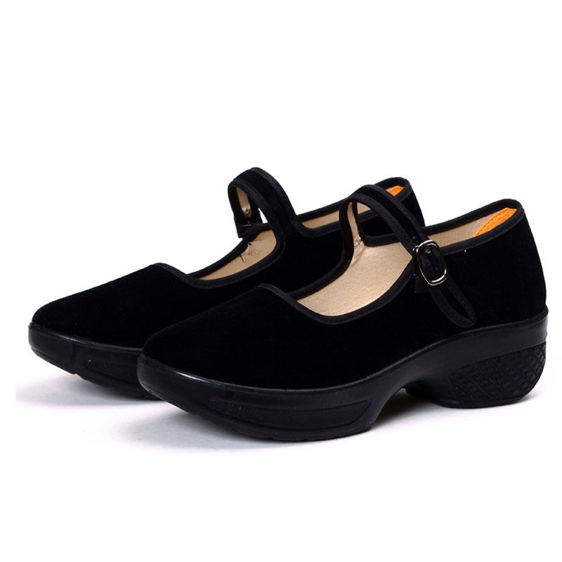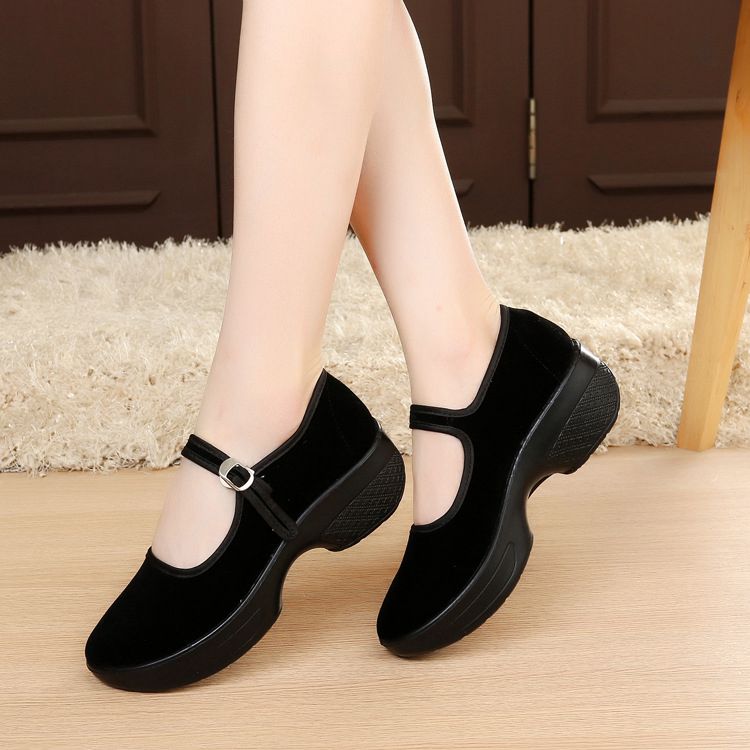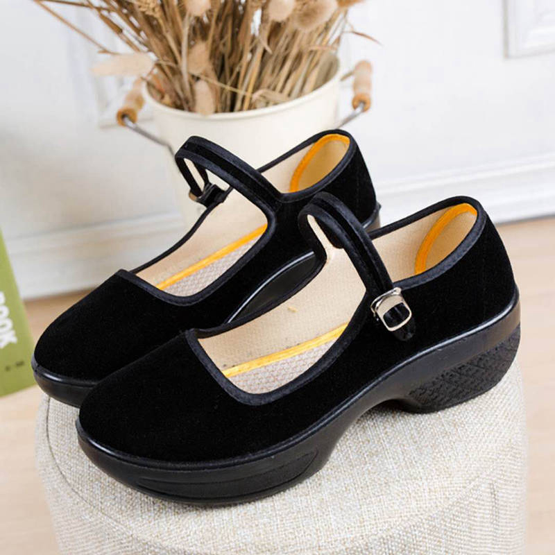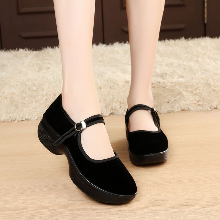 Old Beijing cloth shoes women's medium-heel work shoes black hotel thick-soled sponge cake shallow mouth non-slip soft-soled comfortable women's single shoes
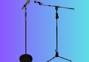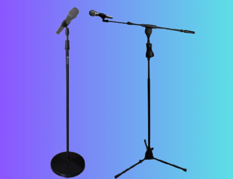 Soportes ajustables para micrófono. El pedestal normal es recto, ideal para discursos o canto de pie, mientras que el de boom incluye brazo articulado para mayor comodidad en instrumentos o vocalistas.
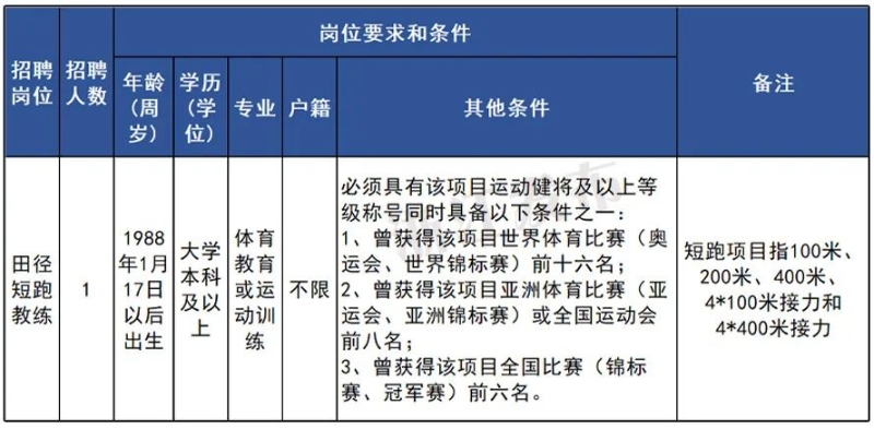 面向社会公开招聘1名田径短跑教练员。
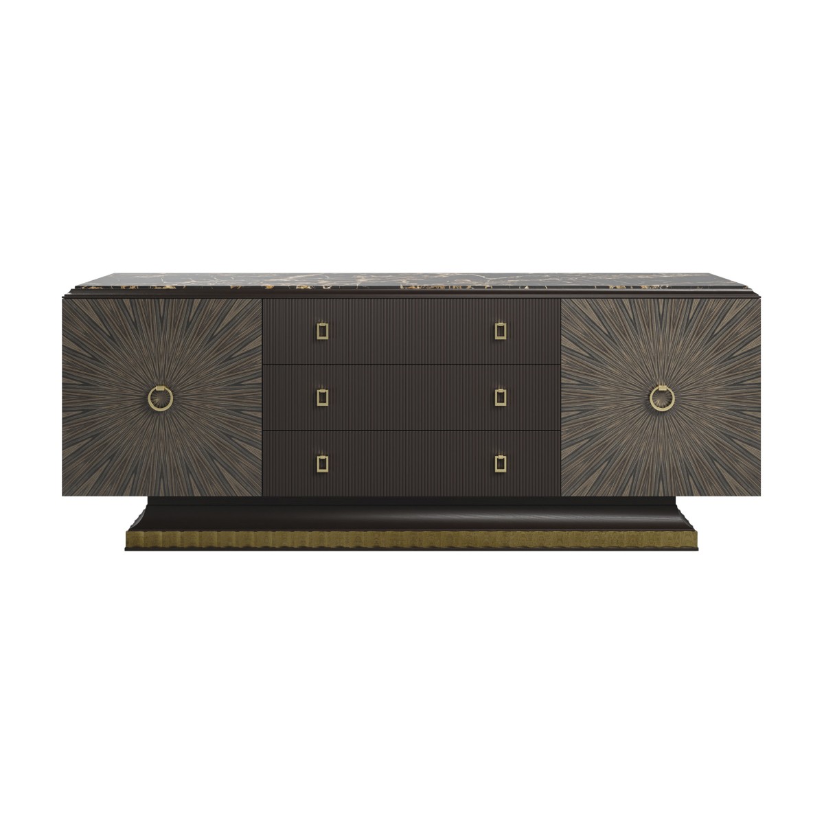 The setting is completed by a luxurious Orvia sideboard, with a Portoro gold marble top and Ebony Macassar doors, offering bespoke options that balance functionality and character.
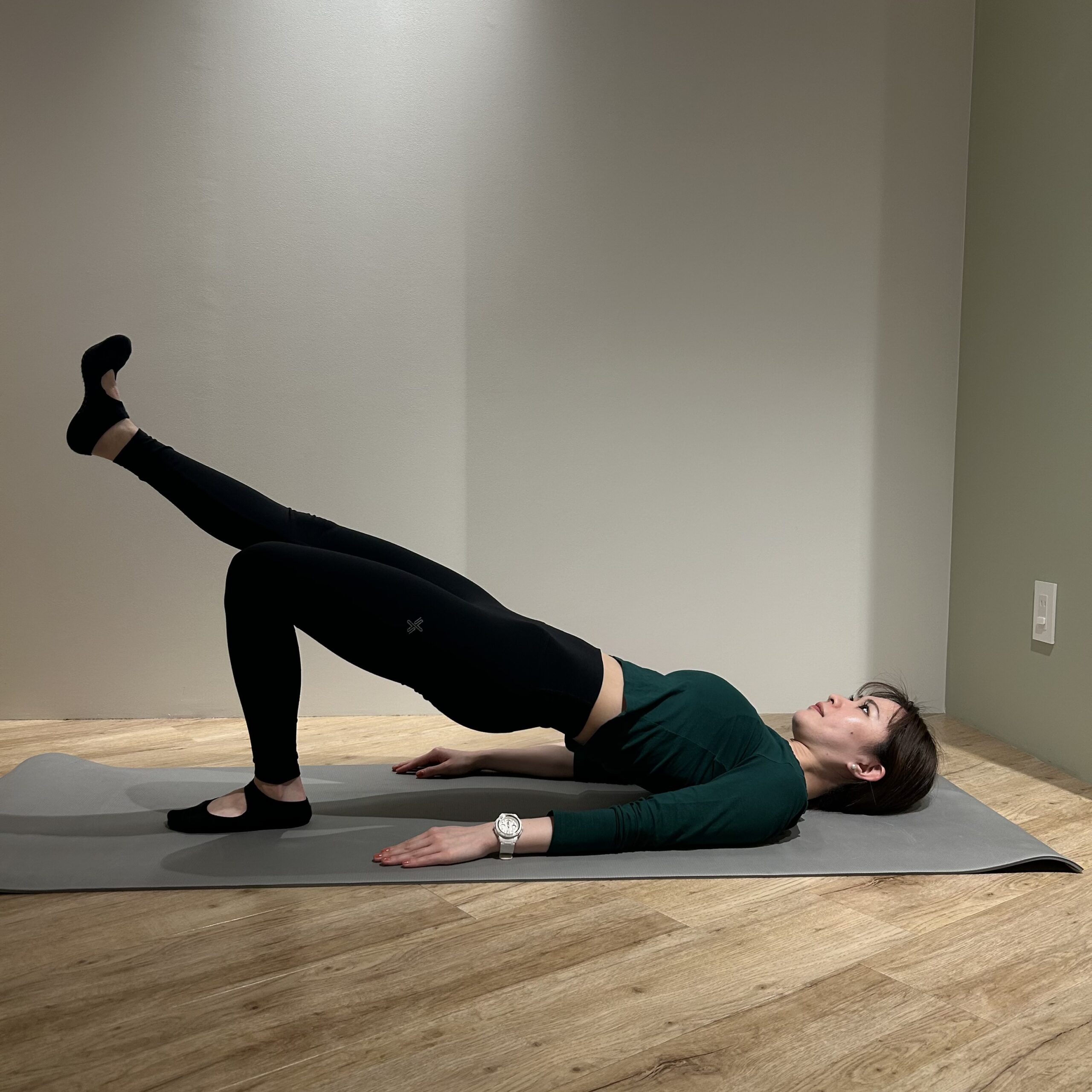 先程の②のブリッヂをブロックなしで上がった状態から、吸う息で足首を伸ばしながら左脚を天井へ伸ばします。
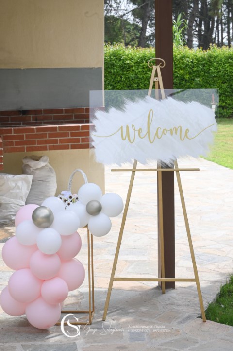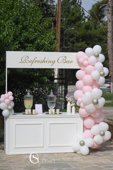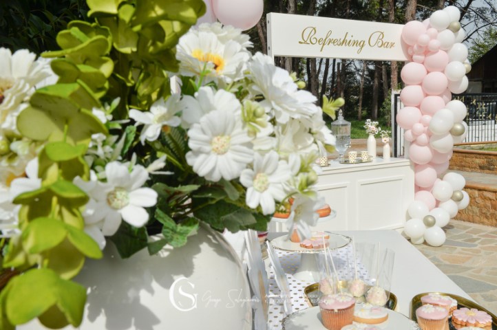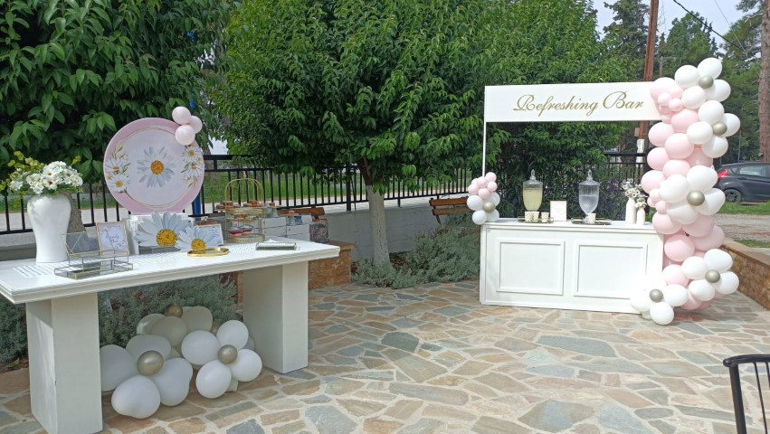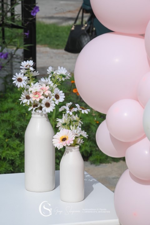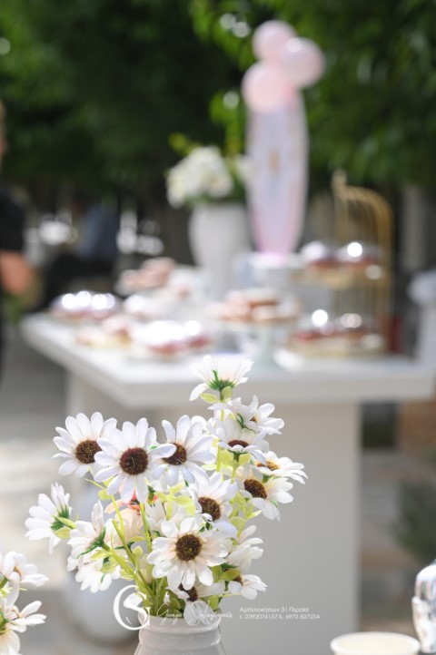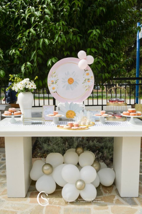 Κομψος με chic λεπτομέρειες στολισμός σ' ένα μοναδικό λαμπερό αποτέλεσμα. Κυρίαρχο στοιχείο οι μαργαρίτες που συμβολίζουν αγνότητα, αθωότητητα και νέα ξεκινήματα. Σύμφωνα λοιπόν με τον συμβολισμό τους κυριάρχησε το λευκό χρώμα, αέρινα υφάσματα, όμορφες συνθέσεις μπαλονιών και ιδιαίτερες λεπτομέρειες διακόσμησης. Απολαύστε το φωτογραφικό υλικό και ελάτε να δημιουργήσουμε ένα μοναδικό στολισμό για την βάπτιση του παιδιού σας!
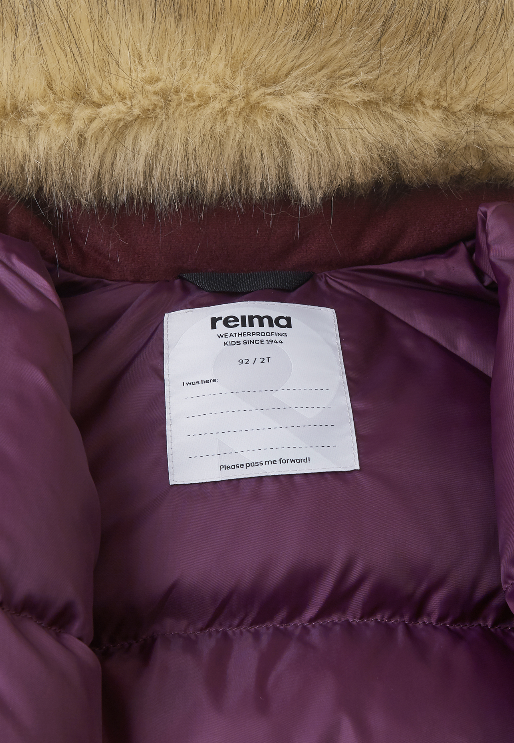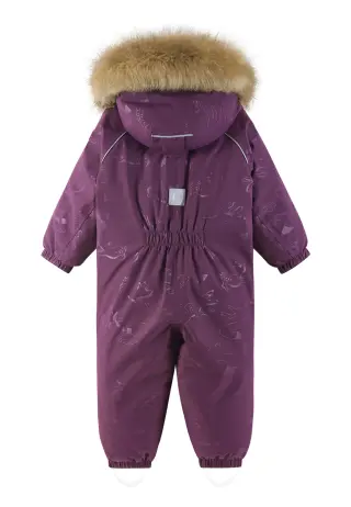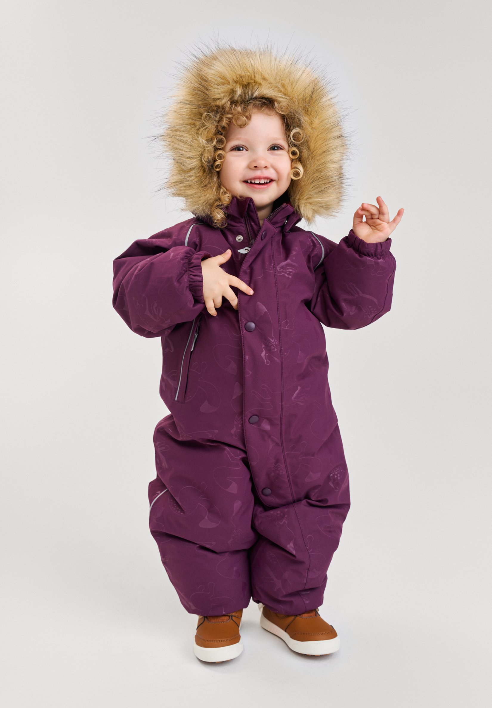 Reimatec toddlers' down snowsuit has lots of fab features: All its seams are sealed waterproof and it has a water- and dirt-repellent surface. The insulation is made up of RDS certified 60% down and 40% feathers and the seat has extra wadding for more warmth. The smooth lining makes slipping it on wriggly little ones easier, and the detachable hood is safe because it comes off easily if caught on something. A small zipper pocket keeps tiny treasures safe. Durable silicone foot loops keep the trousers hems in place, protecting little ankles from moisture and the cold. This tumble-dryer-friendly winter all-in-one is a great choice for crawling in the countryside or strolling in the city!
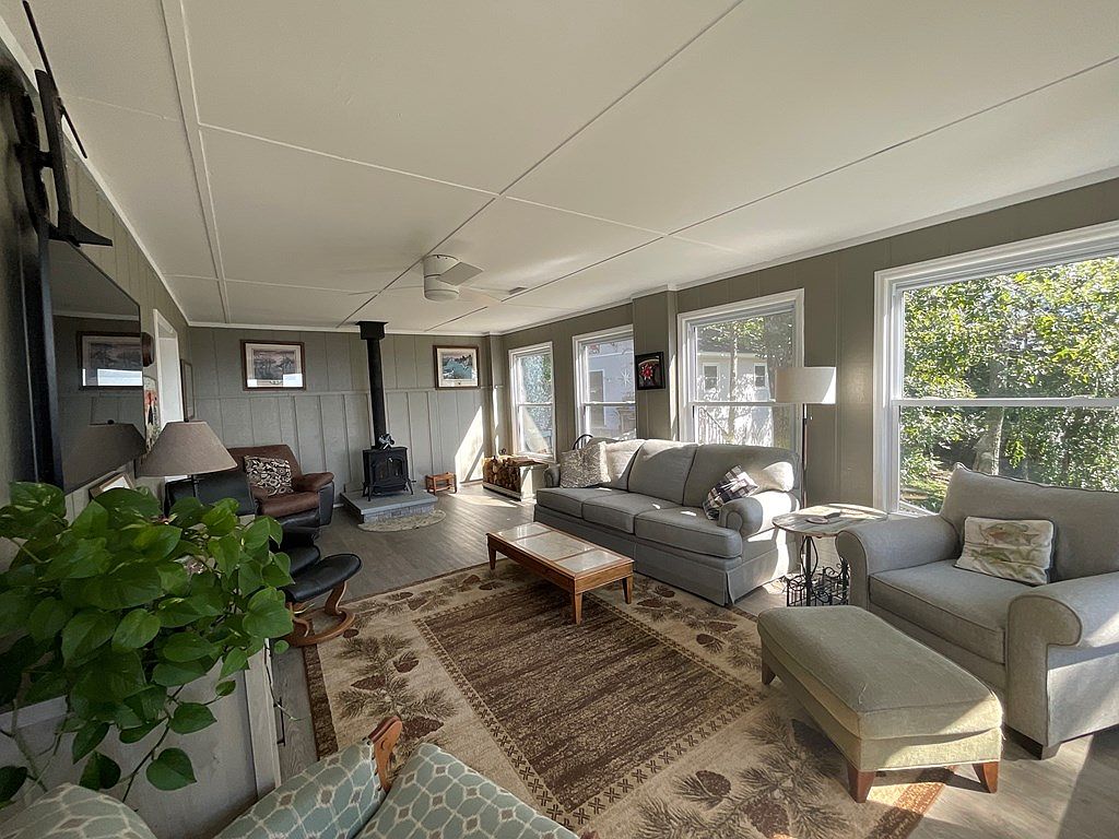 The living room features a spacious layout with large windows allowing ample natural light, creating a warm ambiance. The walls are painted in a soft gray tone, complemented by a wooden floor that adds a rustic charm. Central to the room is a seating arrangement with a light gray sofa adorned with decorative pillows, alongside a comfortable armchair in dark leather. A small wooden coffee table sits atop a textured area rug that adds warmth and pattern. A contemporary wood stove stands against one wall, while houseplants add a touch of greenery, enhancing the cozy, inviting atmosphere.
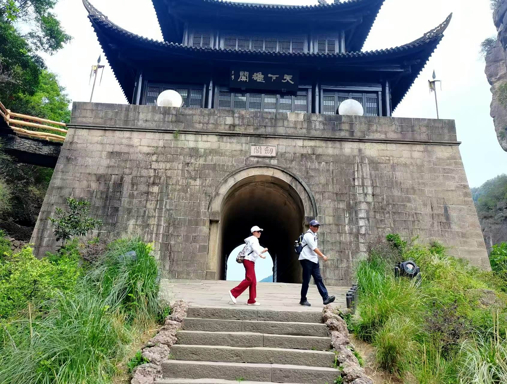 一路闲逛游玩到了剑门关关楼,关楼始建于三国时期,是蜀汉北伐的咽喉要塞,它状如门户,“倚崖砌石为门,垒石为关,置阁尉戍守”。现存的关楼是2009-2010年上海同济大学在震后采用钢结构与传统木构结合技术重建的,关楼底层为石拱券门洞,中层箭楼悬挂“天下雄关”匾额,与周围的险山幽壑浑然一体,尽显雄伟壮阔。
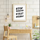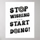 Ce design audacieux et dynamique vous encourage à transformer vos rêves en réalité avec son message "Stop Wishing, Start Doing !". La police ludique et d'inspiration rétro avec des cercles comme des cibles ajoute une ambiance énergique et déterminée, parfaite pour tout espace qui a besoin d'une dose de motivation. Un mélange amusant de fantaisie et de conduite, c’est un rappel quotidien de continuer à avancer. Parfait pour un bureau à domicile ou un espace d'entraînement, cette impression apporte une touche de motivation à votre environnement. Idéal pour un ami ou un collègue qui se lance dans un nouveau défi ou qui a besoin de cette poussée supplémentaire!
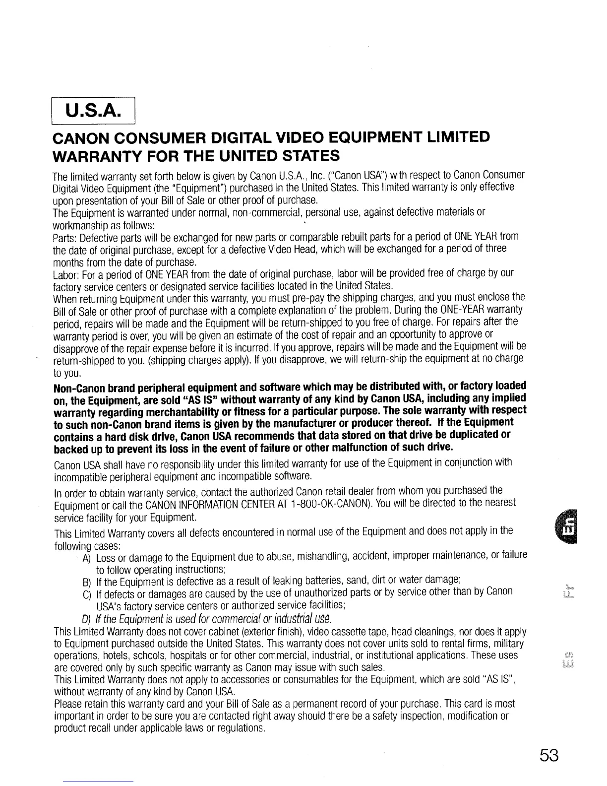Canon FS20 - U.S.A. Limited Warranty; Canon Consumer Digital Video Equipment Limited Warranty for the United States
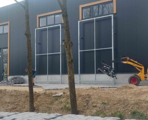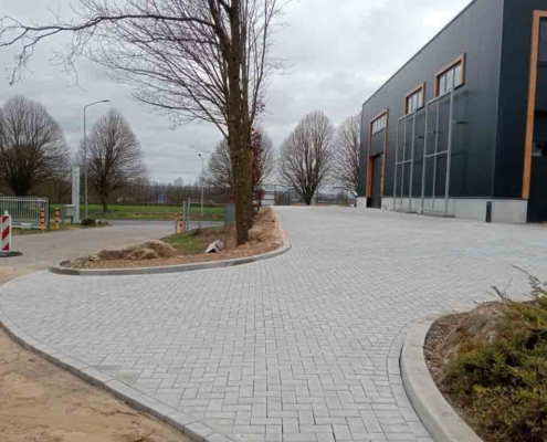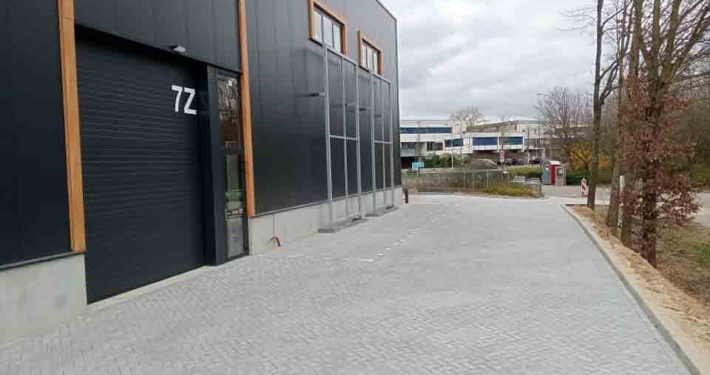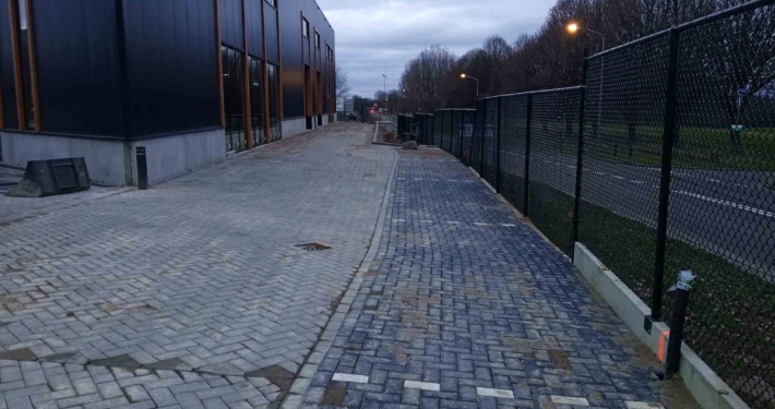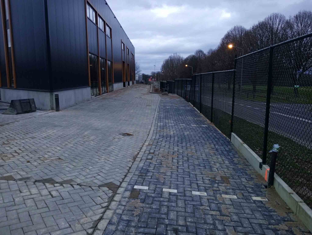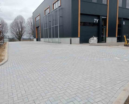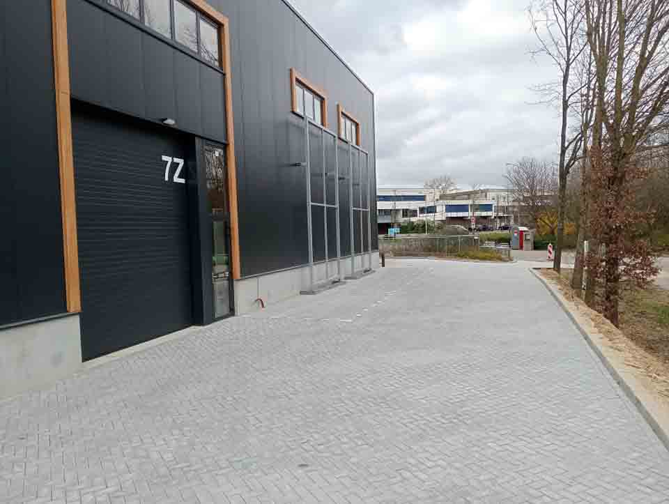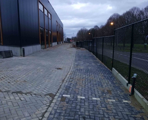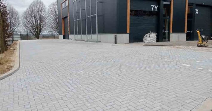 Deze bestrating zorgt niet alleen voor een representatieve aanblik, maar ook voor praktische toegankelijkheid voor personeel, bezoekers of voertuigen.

# [Exercise]
Please repeat all of the data exactly as it stands, leaving the pictures out.

# [Solution for this task]
 Old Beijing cloth shoes women's medium-heel work shoes black hotel thick-soled sponge cake shallow mouth non-slip soft-soled comfortable women's single shoes
 Soportes ajustables para micrófono. El pedestal normal es recto, ideal para discursos o canto de pie, mientras que el de boom incluye brazo articulado para mayor comodidad en instrumentos o vocalistas.
 面向社会公开招聘1名田径短跑教练员。
 The setting is completed by a luxurious Orvia sideboard, with a Portoro gold marble top and Ebony Macassar doors, offering bespoke options that balance functionality and character.
 先程の②のブリッヂをブロックなしで上がった状態から、吸う息で足首を伸ばしながら左脚を天井へ伸ばします。
 Κομψος με chic λεπτομέρειες στολισμός σ' ένα μοναδικό λαμπερό αποτέλεσμα. Κυρίαρχο στοιχείο οι μαργαρίτες που συμβολίζουν αγνότητα, αθωότητητα και νέα ξεκινήματα. Σύμφωνα λοιπόν με τον συμβολισμό τους κυριάρχησε το λευκό χρώμα, αέρινα υφάσματα, όμορφες συνθέσεις μπαλονιών και ιδιαίτερες λεπτομέρειες διακόσμησης. Απολαύστε το φωτογραφικό υλικό και ελάτε να δημιουργήσουμε ένα μοναδικό στολισμό για την βάπτιση του παιδιού σας!
 Reimatec toddlers' down snowsuit has lots of fab features: All its seams are sealed waterproof and it has a water- and dirt-repellent surface. The insulation is made up of RDS certified 60% down and 40% feathers and the seat has extra wadding for more warmth. The smooth lining makes slipping it on wriggly little ones easier, and the detachable hood is safe because it comes off easily if caught on something. A small zipper pocket keeps tiny treasures safe. Durable silicone foot loops keep the trousers hems in place, protecting little ankles from moisture and the cold. This tumble-dryer-friendly winter all-in-one is a great choice for crawling in the countryside or strolling in the city!
 The living room features a spacious layout with large windows allowing ample natural light, creating a warm ambiance. The walls are painted in a soft gray tone, complemented by a wooden floor that adds a rustic charm. Central to the room is a seating arrangement with a light gray sofa adorned with decorative pillows, alongside a comfortable armchair in dark leather. A small wooden coffee table sits atop a textured area rug that adds warmth and pattern. A contemporary wood stove stands against one wall, while houseplants add a touch of greenery, enhancing the cozy, inviting atmosphere.
 一路闲逛游玩到了剑门关关楼,关楼始建于三国时期,是蜀汉北伐的咽喉要塞,它状如门户,“倚崖砌石为门,垒石为关,置阁尉戍守”。现存的关楼是2009-2010年上海同济大学在震后采用钢结构与传统木构结合技术重建的,关楼底层为石拱券门洞,中层箭楼悬挂“天下雄关”匾额,与周围的险山幽壑浑然一体,尽显雄伟壮阔。
 Ce design audacieux et dynamique vous encourage à transformer vos rêves en réalité avec son message "Stop Wishing, Start Doing !". La police ludique et d'inspiration rétro avec des cercles comme des cibles ajoute une ambiance énergique et déterminée, parfaite pour tout espace qui a besoin d'une dose de motivation. Un mélange amusant de fantaisie et de conduite, c’est un rappel quotidien de continuer à avancer. Parfait pour un bureau à domicile ou un espace d'entraînement, cette impression apporte une touche de motivation à votre environnement. Idéal pour un ami ou un collègue qui se lance dans un nouveau défi ou qui a besoin de cette poussée supplémentaire!
Canon FS20 - U.S.A. Limited Warranty; Canon Consumer Digital Video Equipment Limited Warranty for the United States
 Deze bestrating zorgt niet alleen voor een representatieve aanblik, maar ook voor praktische toegankelijkheid voor personeel, bezoekers of voertuigen.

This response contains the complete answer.